Все эти будущие подробности своей жизненной перспективы м‑р Джингль передал с обыкновенною торопливостью, поминутно моргая глазами и корча свою физиономию в жалкую улыбку. Но м‑р Пикквик легко заметил это неискусное притворство, и ему даже показалось, что глаза Джингля были увлажены слезами. Он бросил на него взгляд, исполненный самого глубокого сострадания.

– Почтенный человек, – пробормотал Джингль, закидывая свою голову и с чувством пожимая руку м‑ра Пикквика. – Неблагодарный пес… стыдно плакать… не ребенок… не выдержал… лихорадочный пароксизм… слабость… болезнь… голоден. Заслужил по делам… сильно страдал… очень… баста!

И, не чувствуя более сил притворяться хладнокровным, несчастный человек сел на лестничной ступени, закрыл лицо обеими руками и зарыдал, как дитя.

– Ну, полно, полно, – сказал м‑р Пикквик, растроганный до глубины души. – Вот я посмотрю, что можно для вас сделать, когда будут приведены в известность все обстоятельства нашего дела. Надобно поговорить с Иовом. Да где он?

– Здесь я, сэр, – откликнулся Иов, выступая на лестничную ступень.

Описывая в свое время наружность этого молодца, мы сказали, кажется, что глаза у него заплыли жиром; но теперь, в эпоху нищеты и скорби, они, по-видимому, хотели выкатиться из своих орбит.

– Здесь я, сэр, – сказал Иов.

– Подойдите сюда, любезный, сказал м‑р Пикквик, стараясь принять суровый вид, между тем, как четыре крупные слезы скатились на его жилет.

Иов подошел.

– Вот вам, любезный, вот вам!

Что! пощечину? Когда говорят: «вот вам!» так обыкновенно разумеют пощечину на вседневном языке. И м‑р Пикквик, рассуждая эгоистически, мог бы при этом удобном случае разразиться самою звонкою пощечиной: он был обманут, одурачен и жестоко оскорблен этим жалким негодяем, который теперь совершенно был в его руках. Но должны-ли мы сказать всю правду? В кармане м‑ра Пикквика произошел внезапный звон, и когда, вслед за тем, он протянул свою руку горемычному Иову, глаза его заискрились живейшим удовольствием, и сердце переполнилось восторгом. Совершив этот филантропический подвиг, он, не говоря ни слова, оставил обоих друзей, пораженных превеликим изумлением.

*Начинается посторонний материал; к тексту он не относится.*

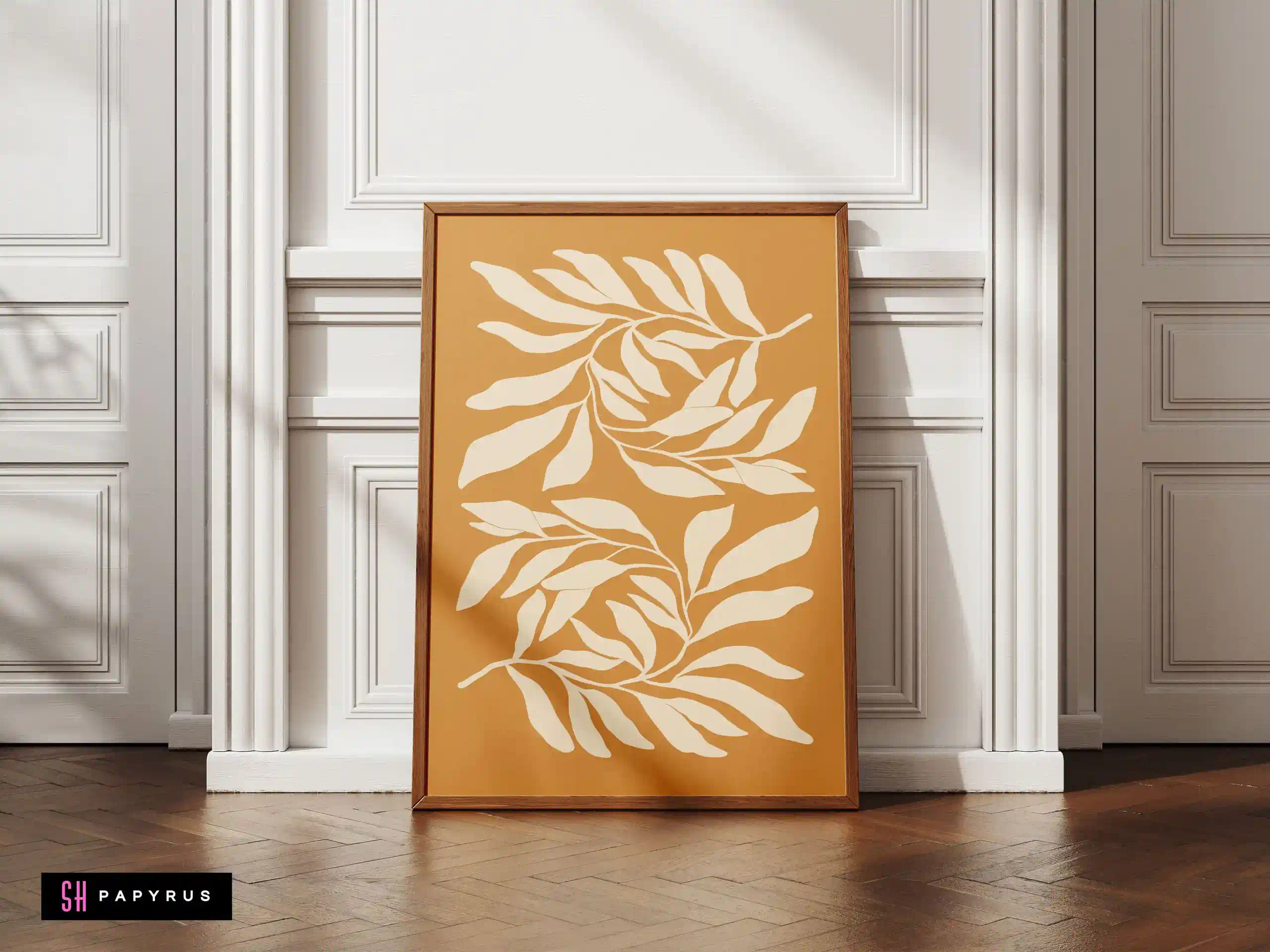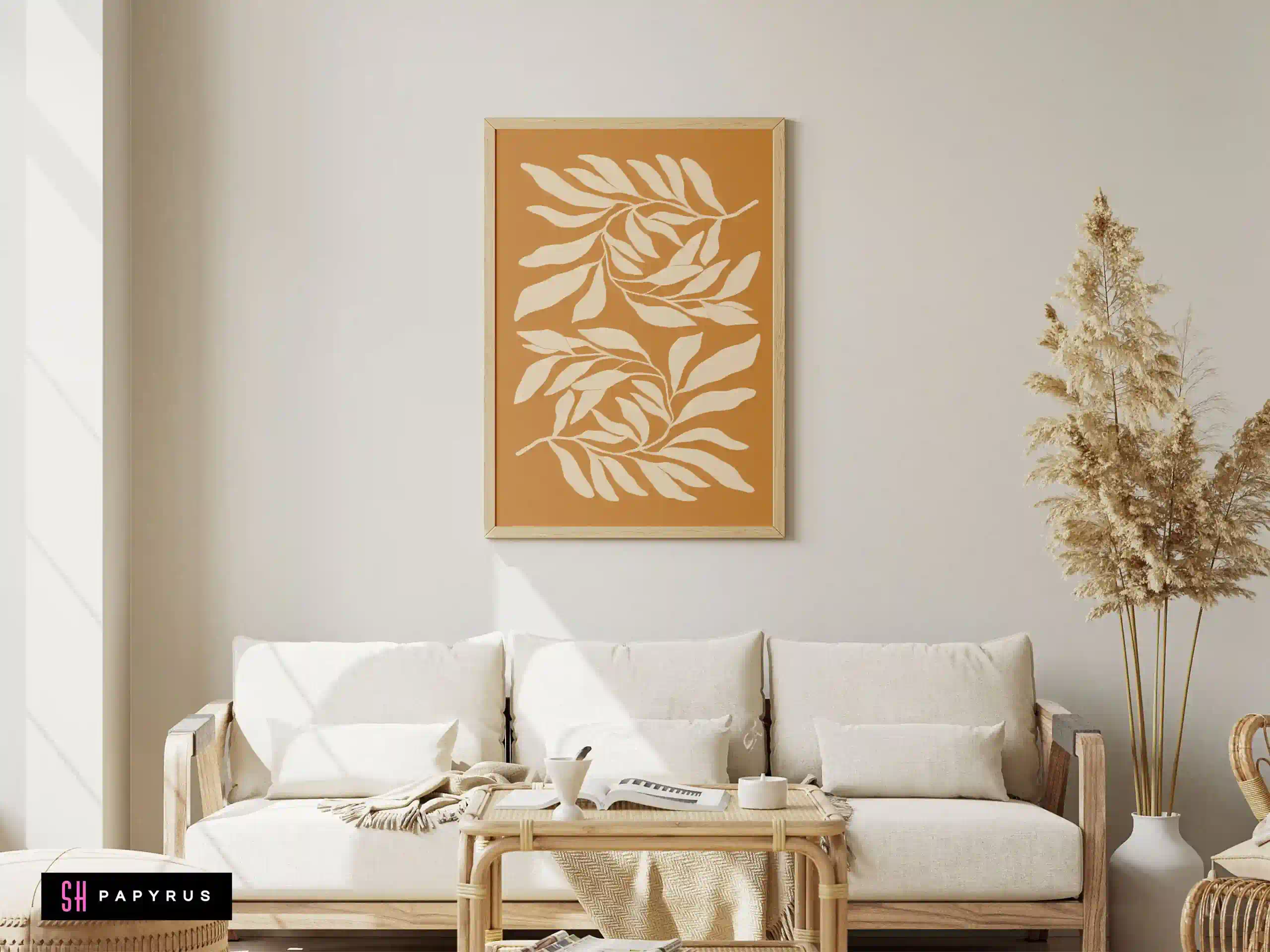 Welcome Elegant Cream Botanical Branches on Warm Gold Art into your home. A minimalist and sophisticated two-tone print, it features delicate, cream-white branches against a warm, golden-tan background. It’s a beautiful, earthy piece that adds a touch of natural elegance. The simplicity of the design is its strength, creating a calm, serene, and organic feel. This print is ideal for a minimalist, Japandi, Scandi, or boho-style home. It’s perfect for a bedroom, living room, or spa-like bathroom where you want to create a tranquil atmosphere. Your new artwork is offered as a high-resolution Digital File, an archival Giclee Poster, a ready-to-hang Canvas, or a complete Framed Print in your choice of a modern metal or natural wood frame.

По возвращении в свою комнату, м‑р Пикквик уже нашел там своего верного слугу. Самуэль обозревал устройство и мебель нового жилища с чувством какого-то угрюмого удовольствия, весьма интересного и забавного для посторонних глаз. Протестуя энергически против мысли о постоянном пребывании своего господина в тюремном замке, м‑р Уэллер считал своею нравственною обязанностью не приходить в восторг от чего бы то ни было, что могло быть сделано, сказано, внушено или предложено в этом месте.

– Ну, что, Самуэль? – сказал м‑р Пикквик.

– Ничего, сэр, – отвечал м‑р Уэллер.

– Помещение довольно удобное, Самуэль?

– Да, так себе, – отвечал Самуэль, озираясь вокруг себя с недовольным видом.

– Видели-ли вы м‑ра Топмана и других наших друзей?

– Видел всех. Завтра будут здесь, и мне показалось очень странным, что никто из них не захотел придти сегодня, – отвечал Самуэль.

– Привезли вы мои вещи?

В ответ на это м‑р Уэллер указал на различные пачки и узлы, симметрически расположенные в углу комнаты.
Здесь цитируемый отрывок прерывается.